Not completely and I’ve also discovered that a bad problem in a new integration route can halt routing of messages to other interfaces that have the same source thread.
One indirect approach to reduce the potential impact is by breaking thread grouping into smaller groups.
Lets say instead of one receiving thread going to 16 threads, you could have 2 receiving threads sending to 8 threads each.
8 threads is the most we allow any source thread to send too before we break things up into smaller groups.
I’ve heard rumor a at least one location that goes to the extreme of having one inbound thead and one outbound thread per cloverleaf site.
When I first heard of this it sounded extreme but does have plausible merit when you consider the impact of any single interface on another would be minimal not to mention it would maximize overall throughput of the cloverleaf engine.

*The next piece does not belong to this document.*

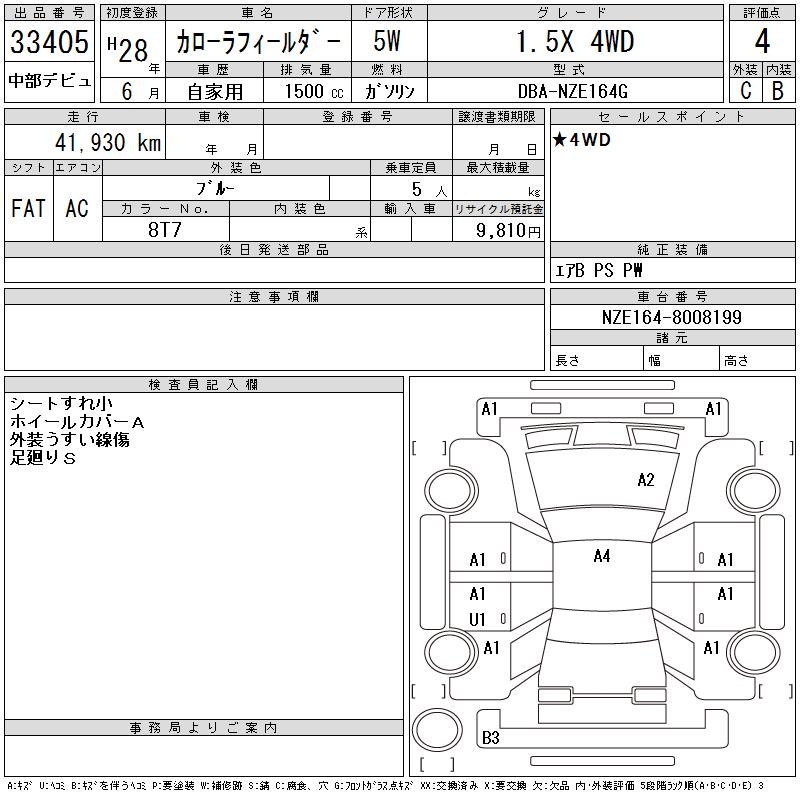 TOYOTA COROLLA FIELDER - лот 33405

Not exactly a great answer to the problem.
Personally I would prefer an error on a single route only impact that particular route and not the others.
Another method in addition to being very careful that has helped us catch such hidden problems is we have a mock down time model when combined with our prodcution versioning method allows us to mock golive and play message through our production interfaces we plan to golive with as if they were live without impacting the currently running live prodcution interfaces they will be replacing.
Russ Ross
RussRoss318@gmail.com